Given entries:
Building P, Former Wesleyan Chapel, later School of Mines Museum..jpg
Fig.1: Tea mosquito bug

---

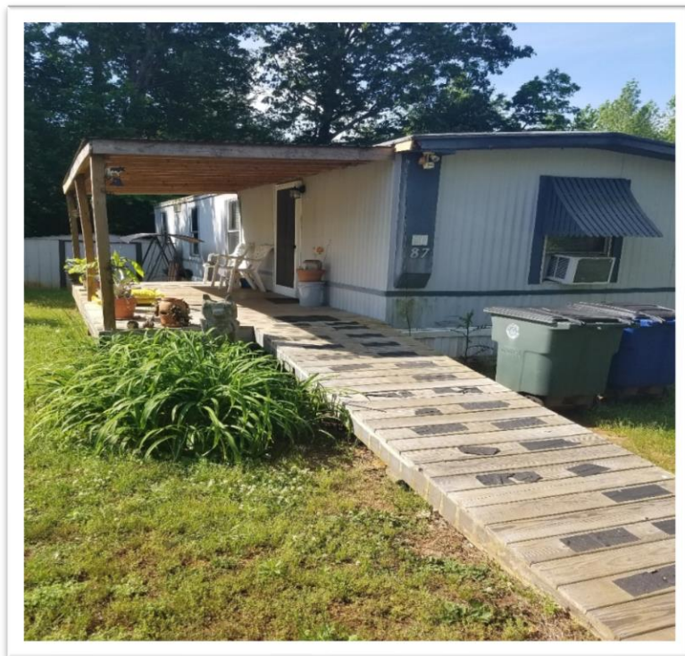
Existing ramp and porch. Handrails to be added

--

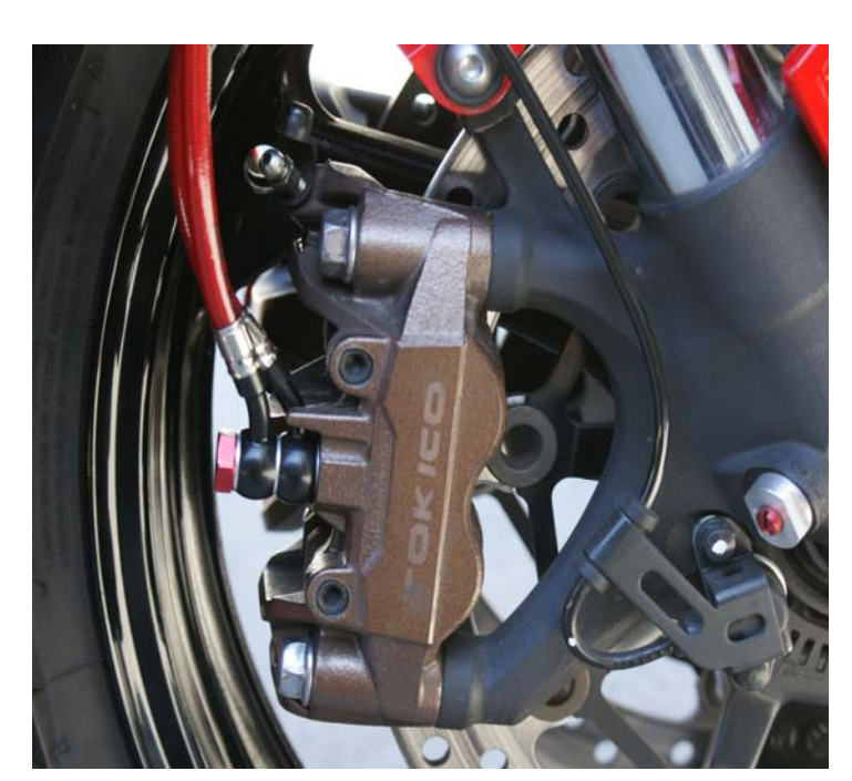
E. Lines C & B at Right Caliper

Description of the task: All that should be written out is the stretch of lines above between the one holding "Building P, Former" and the one holding "Fig.1: Tea mosquito bug", inclusive, exactly as given.

Solution to the problem:
Building P, Former Wesleyan Chapel, later School of Mines Museum..jpg
Fig.1: Tea mosquito bug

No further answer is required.